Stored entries
—————
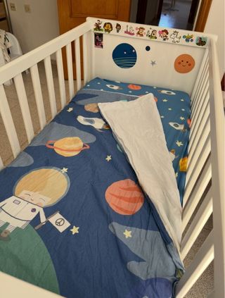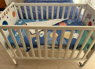 Se vende cuna de bebé de Ikea, en buen estado, junto con su colchón, protector de colchón y un juego de sábanas de funda nórdica (no incluye nórdico). - Cuna de madera blanca con vinilos decorativos para hacer una cuna única para tu bebé. - Colchón incluido. - Juego de sábanas de funda nórdica. - le pusimos ruedas para poder mecer la cuna está usada pero prácticamente nueva porque hacíamos más colecho que usar la cuna.
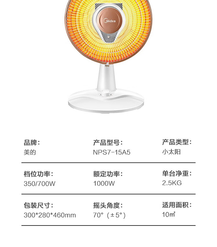 • 商品名称:美的(Midea)取暖器电暖器气家用烤火炉迷你台式办公室节能办公室小太阳过热自动断电保护 NPS7-15A5 NPS7-15A5/台
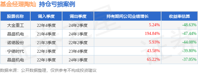 陶灿管理的建信新能源行业股票A基金在22年4季度买入大金重工,在持有1年又2个季度后在24年2季度卖出。持有期间的估算收益率为-48.63%,持有期间大金重工在2022年到2024年的年报归属净利润增幅达5.24%。
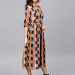 Multi ColoredRound Neck Checked Dress With Front Placket And 3/4 Sleeves
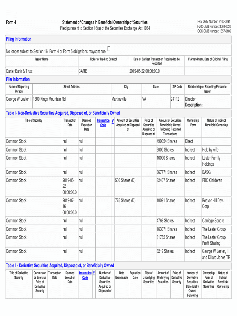 OCC OMB Number: 15570106Statement of Changes in Beneficial Ownership of Securities
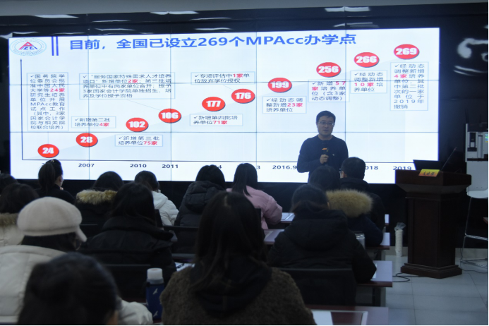 支晓强教授首先介绍了MPAcc教育的发展概况,并对目前国内高校的会计专硕的招生培养情况进行了总体分析。支教授重点介绍了MPAcc案例大赛的基本情况,对案例大赛的举办初衷和案例大赛的发展情况进行分析,并将整个大赛的工作总结为‘写’、‘教’、‘学’、‘赛’、‘建’五个部分,并对每个关键词分别进行了解释。在答疑环节,支教授对老师和同学们在MPAcc案例大赛参赛过程中的遇到问题给予详细的解答,支教授丰富的案例研究体会以及深入浅出,诙谐幽默的语言赢得了在场师生的一致认可。
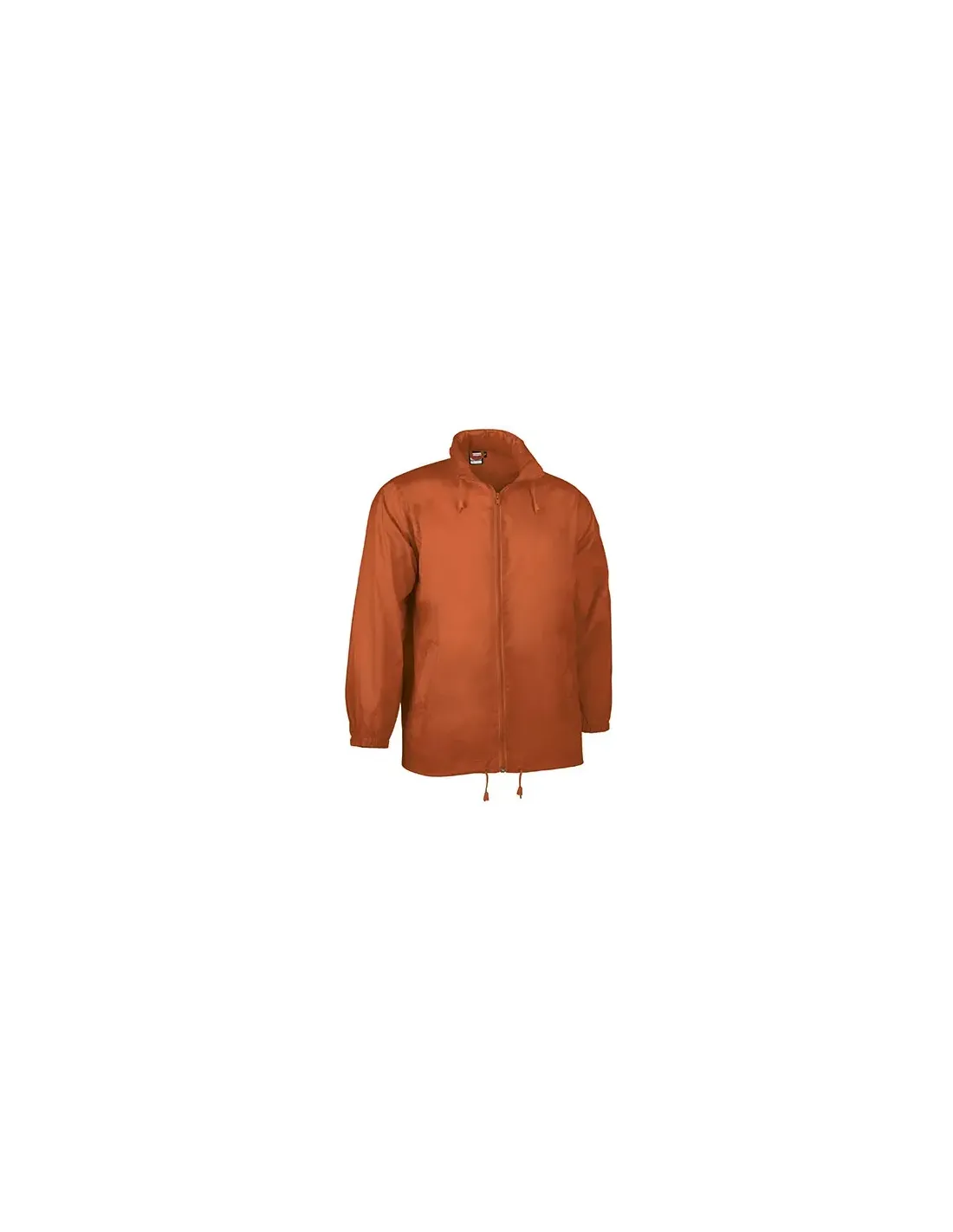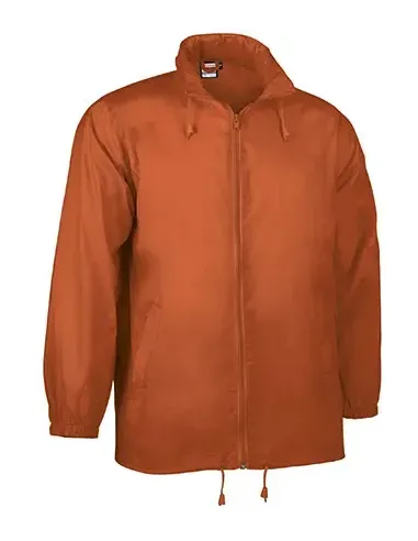 Chubasquero Rain de Valento con cuello alto y cierre delantero con cremallera, contiene una capucha recogida en un bolsillo con cremallera en el cuello y cintura y puños ajustables.
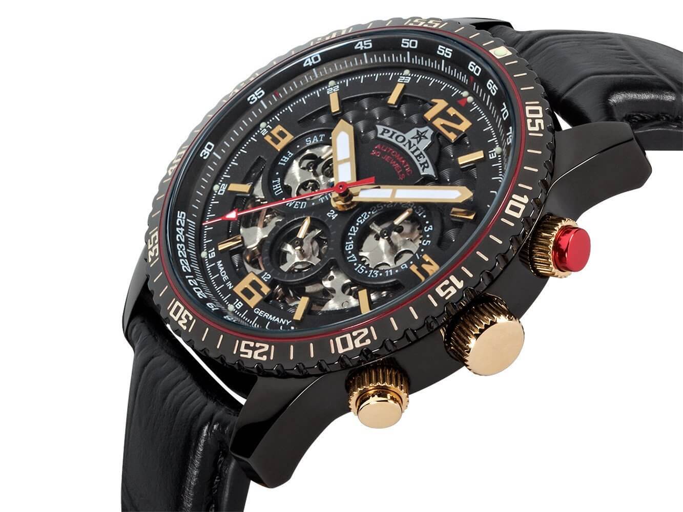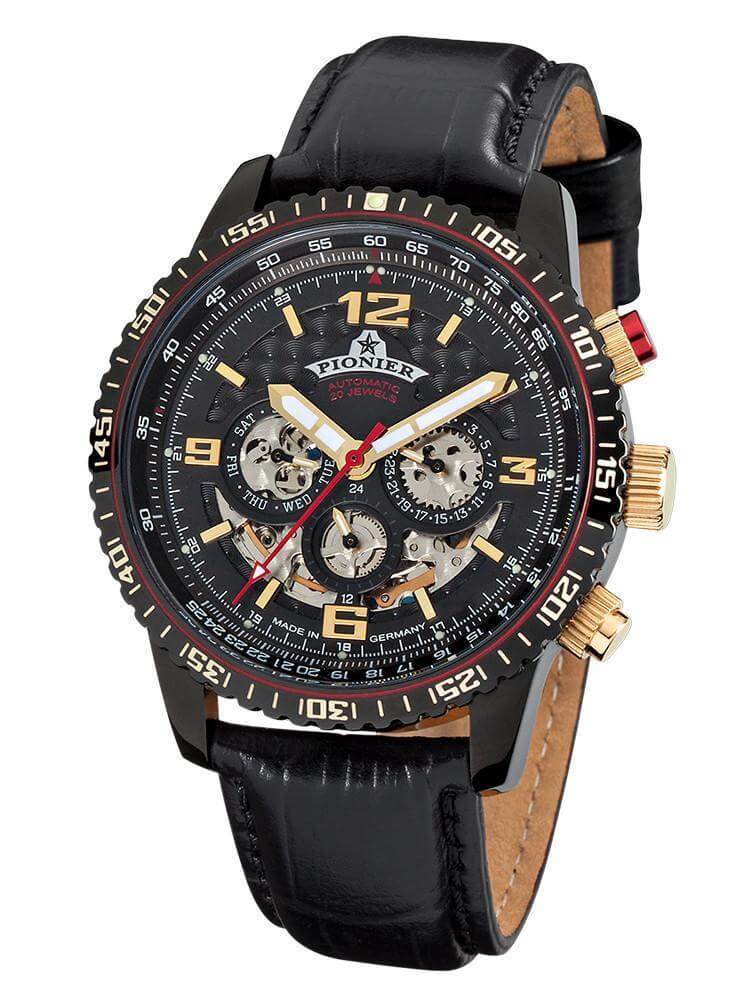 Full calendar automatic timepiece Made in Germany Barbados by Pionier with black dial and black leather band
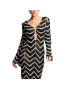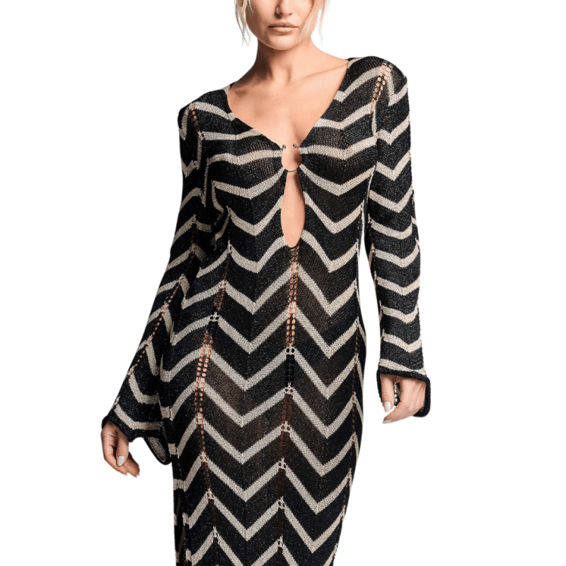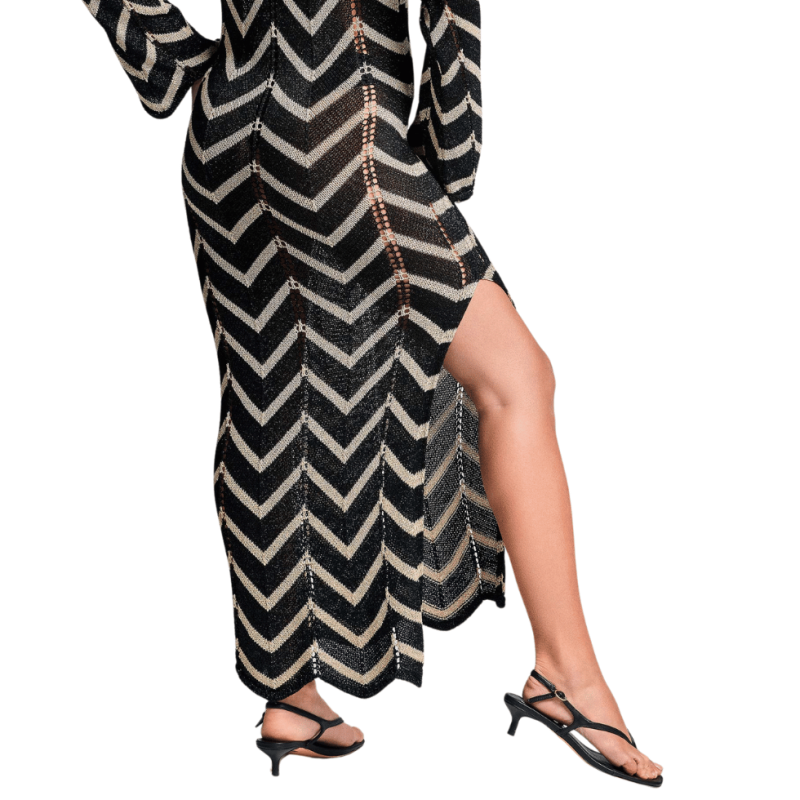 Abito lungo effetto uncinetto traforato a righe nero e oro.
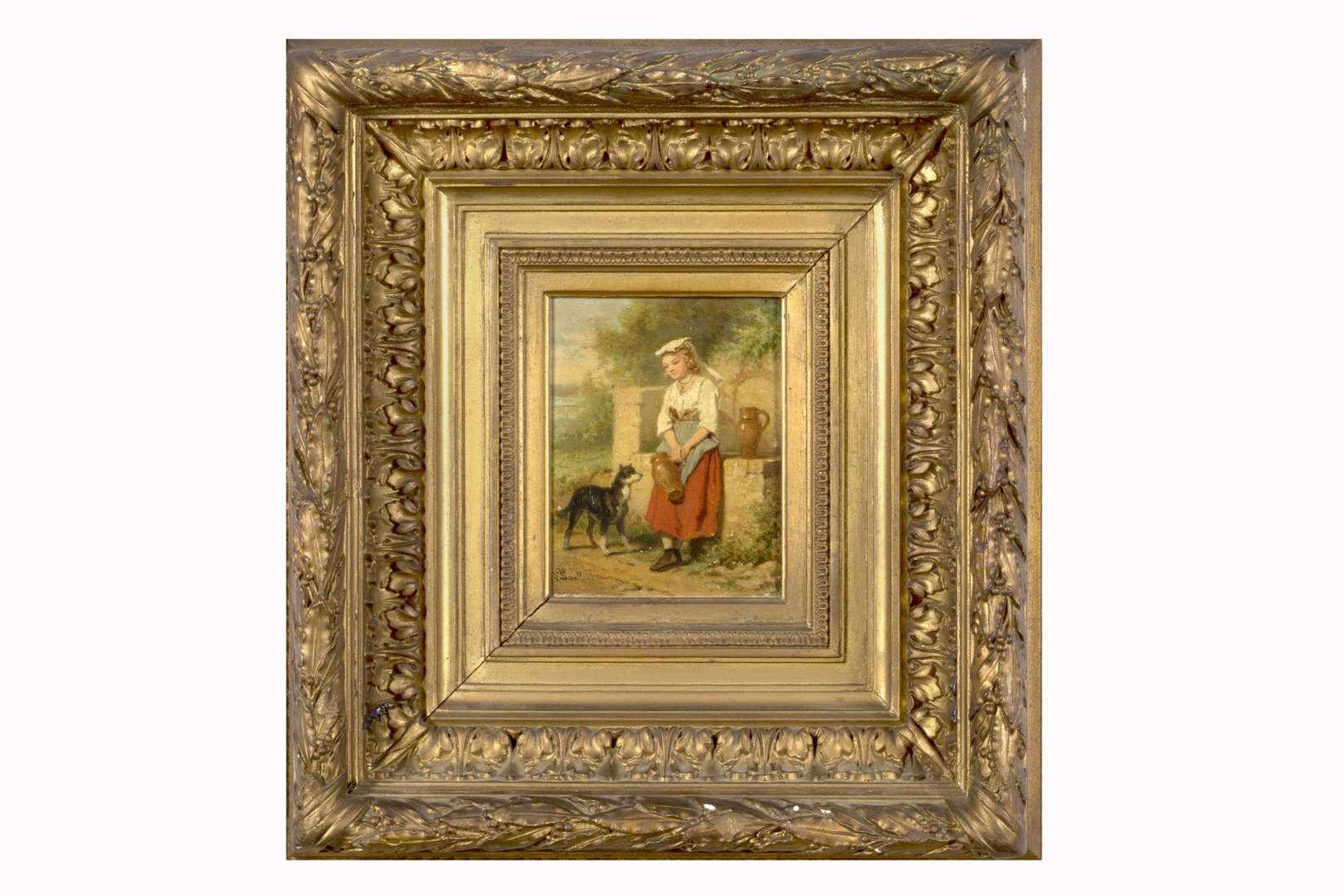 Fillette au puits avec un chien
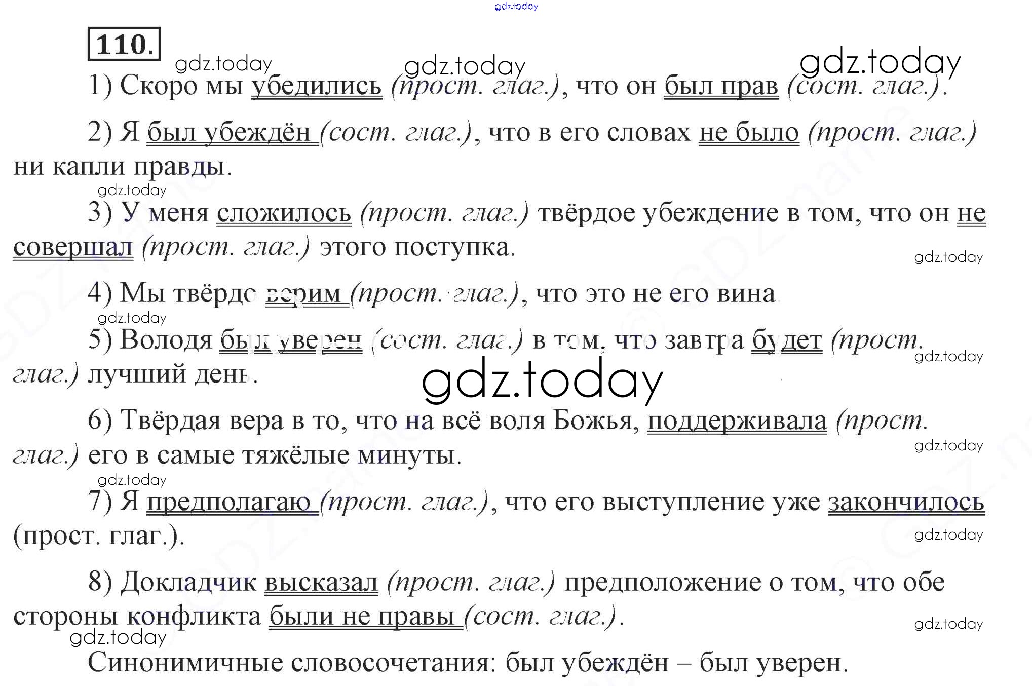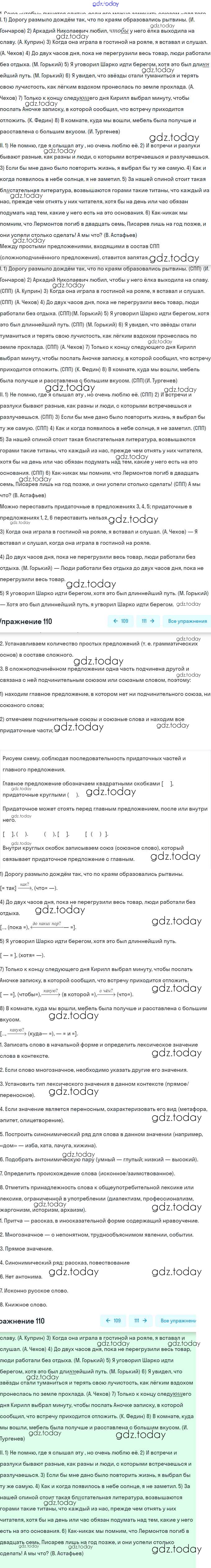 На страницах сайта gdz.today вы найдете учебный и вспомогательный материал, направленный на улучшения знаний школьной программы. ГДЗ - онлайн мир знаний Решение. Упражнения 110 Учебнику по Русскому языку для 9 класса Бархударов, Крючков Просвещение, Просвещение 2011, 2019
—————
Give the lines again exactly, starting where the entries begin and stopping once the line with "OCC OMB Number: 15570106Statement" is included; pictures are not copied.

 Se vende cuna de bebé de Ikea, en buen estado, junto con su colchón, protector de colchón y un juego de sábanas de funda nórdica (no incluye nórdico). - Cuna de madera blanca con vinilos decorativos para hacer una cuna única para tu bebé. - Colchón incluido. - Juego de sábanas de funda nórdica. - le pusimos ruedas para poder mecer la cuna está usada pero prácticamente nueva porque hacíamos más colecho que usar la cuna.
 • 商品名称:美的(Midea)取暖器电暖器气家用烤火炉迷你台式办公室节能办公室小太阳过热自动断电保护 NPS7-15A5 NPS7-15A5/台
 陶灿管理的建信新能源行业股票A基金在22年4季度买入大金重工,在持有1年又2个季度后在24年2季度卖出。持有期间的估算收益率为-48.63%,持有期间大金重工在2022年到2024年的年报归属净利润增幅达5.24%。
 Multi ColoredRound Neck Checked Dress With Front Placket And 3/4 Sleeves
 OCC OMB Number: 15570106Statement of Changes in Beneficial Ownership of Securities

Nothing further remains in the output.